Lastly when comparing the other proposed metrics, this metric does share information with the Torque-to-Mass Ratio metric. As discussed previously we feel the Torque-to-Mass Ratio metric better satisfies the Information MEC with respect to mass. Therefore the Max Torque metric provides new information about the Maximum Torque of each actuator that is not readily available from the Torque-to-Mass Ratio exclusively. Therefore the Maximum Torque metric satisfies the Information MEC and is evaluated as “Yes”
3.3 Torque-To-Mass Ratio
The joint with the greatest Torque-to-Mass Ratio is the Small TPU Fluidic Elastic Actuator with the Rubberized Rotary Elastic Chamber being the next highest with a close third of the Medium TPU Fluidic Elastic Actuators (see Figure 4). The obvious lowest is the Bead Continuum actuator, and although it has a high Max Torque, its large mass severely affects its Torque-to-Mass Ratio.
3.3.1 Design Comparison
It can be noted that as the actuators were scaled to be larger the Torque-to-Mass Ratio decreased. As is shown in Figure 3, an increase in scale from the Small to Medium and from Medium to Large results in a decrease in the Torque-to-Mass Ratio. This comparison shows how this metric satisfies the Design Comparison MEC and is therefore evaluated as “Yes”
3.3.2 Task Utility
Many applications are sensitive to the mass of the actuators used. This metric will help guide the selection of an actuator that will have the required payload while also limiting the mass of the actuator. We evaluate the Task Utility MEC as “Yes” for the Torque-to-Mass Ratio metric.
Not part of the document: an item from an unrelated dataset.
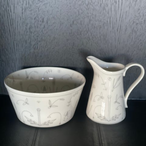 Fin retro krukke med lokk fra Stavangerflint med koselig dekor.. pent eksemplar , eneste å bemerke er noen mikronsg under krukken som er lite synlig. Se bilder

The mass, Maximum Torque and Torque-to-Mass Ratio metrics have somewhat redundant information relating to the torque output and mass of the actuators. However, to satisfy the Information MEC each metric must have new information that other metrics do not. Therefore only two of the three metrics can satisfy the Information MEC as there are two independent variables. We chose Maximum Torque and Torque-to-Mass Ratio because they are stronger candidates with respect to the other MECs. Both Maximum Torque and Torque-to-Mass Ratio can be used better for Design Comparison and Task Utility. We therefore evaluate the Information MEC as “Yes” for the Torque-to-Mass Ratio.
Figures 5, 6 show the efficiencies of all the actuators that we tested. As stated previously, we measure efficiency as the change in energy in the system as compared to the change in torque output. This correlatives to the slopes of the data found in Figures 5, 6. Because the antagonistic actuators can accept much higher input pressures (therefore containing more energy) than the Fluidic Elastic Actuators they were separated into two plots for readability.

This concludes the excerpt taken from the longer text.